Since general cargo is handled in Hamburg by about 97 per cent containerized, this growth also affects the volume of TEU. Germany's biggest container port shipped in total 3.7 million TEU (20-feet-standard-containers) in the first half-year 2010. This comes up to an increase of 4.3 per cent compared to the previous year. Within the handling of containers the shipping route Asia, which is very important to Hamburg due to its volume and to which belongs also China as the by far most important market partner of the Port of Hamburg, is again on a considerable growth curve with a total number of 2.2 million TEU (+6.9 per cent).

Still Hamburg is in Europe the leading transhipment centre with respect to container traffic with Asia and China. A significant part of these containers is transported as transhipment cargo via the hub Hamburg per feeder vessel to the Baltic Sea region. In contrast to Western feeder and short sea destinations, that are operated via Hamburg and show already growth rates between 3.6 und 9.5 per cent for the first six months of the year, the container traffic at the routes to Scandinavia and the other states of the Baltic Sea is still with 9.5 and 3.7 per cent in the red. Here, also the excellent development of the foreign trade of Russia, which increased in the container traffic with 191,000 TEU via Hamburg by 15.7 per cent in the first half-year, could not compensate the slumps in container traffic with the other states of the Baltic Sea caused by the crisis. The handling figures for the second quarter do already show an upward tendency for some of these Baltic Sea destinations. Russia still remains unchanged Hamburgs most important trade partner in the European container traffic and third-strongest trade partner in the global container traffic of Hamburg.
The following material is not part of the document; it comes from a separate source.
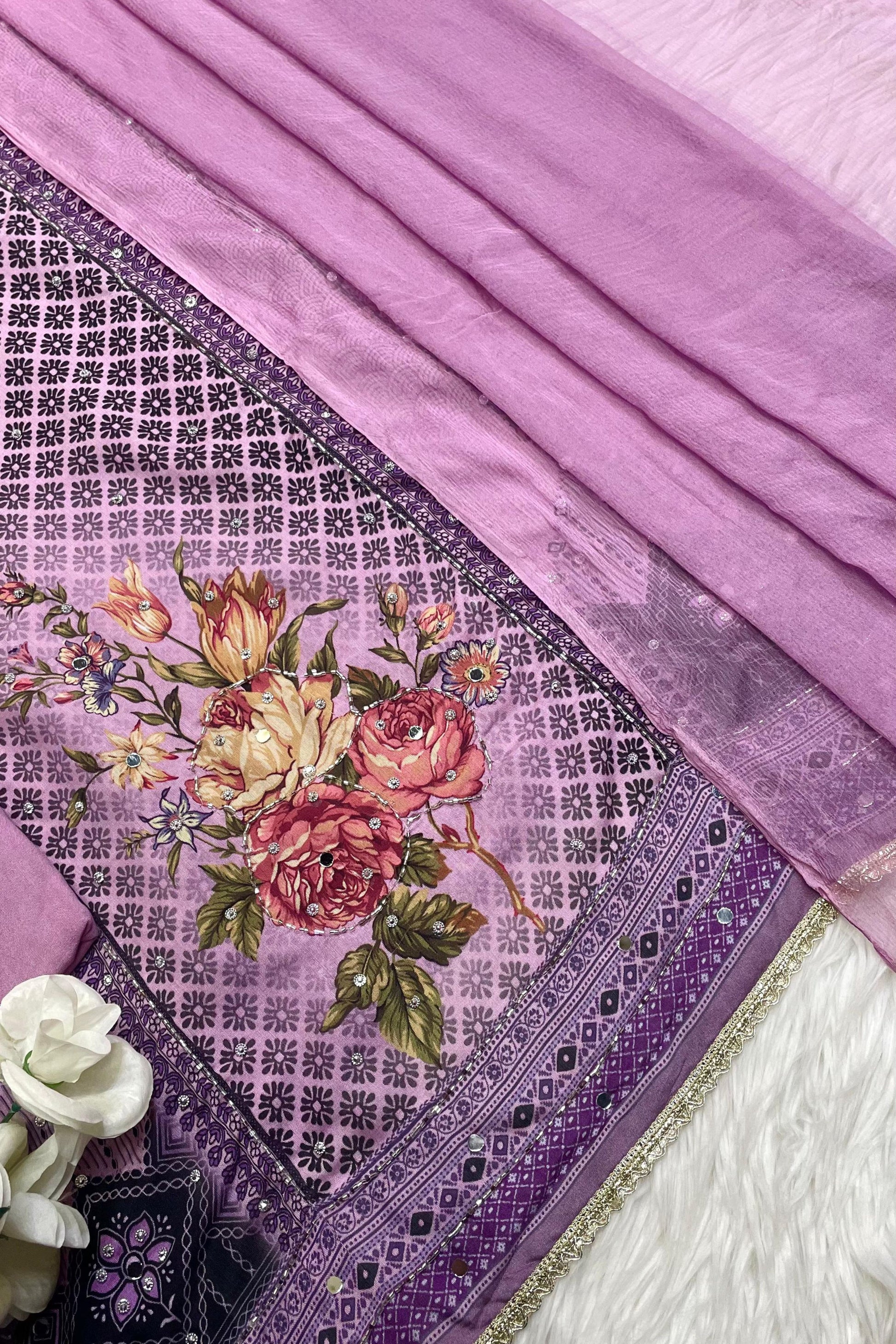 Top : Pure Muslin with Heavy Mirror and Cutdana Handwork with Digital print Shirt

The handling of bulk cargo, which reached a result of 19.7 million tons in Hamburg in the first six months, is on a significant growth curve with an increase by 14.8 per cent compared to the previous year. Especially the import of iron ore, that was hit hard by the global financial and economic crisis last year, recovered quickly and brought the segment grabbable cargo to a result of 9.6 million tons (+61.4 per cent). The import of ore, that decreased to an amount of 1.4 million tons in the first half-year 2009, climbed up to 4.7 million tons in the first six months of 2010. This comes up to a growth by 243 per cent. The handling of suction cargo, mainly determined by the handling of agribulk, could not keep its excellent result of the previous year and registers 3.3 million tons (-19 per cent) in the first half-year. The section of liquid cargo remained with 6.8 million tons 4.8 per cent below the result of the previous year.

Provided that there is a continuous positive world economic climate Claudia Roller expects for 2010 at a total cargo handling for the Port of Hamburg of about 119 million tons a plus of about 8 per cent. With respect to the handling of containers Roller assumes about 7.7 million TEU (+9 per cent). Such a fast upward trend in the handling of seaborne cargo was not expected by the Hamburg port-related industries. Now, it has a positive effect that the investments in modernization and extension of terminals and infrastructure, that were initiated by the port companies and the Hamburg Port Authority (HPA) previous to the crisis, were not stopped. Thus, the port is excellently prepared for again increasing volumes of cargo in the general and bulk cargo sections, which are e. g. transported by new scheduled liner services and large-scale container ships crossing the sea more and more as well as by bulkers increasingly used for bulk cargo shipping.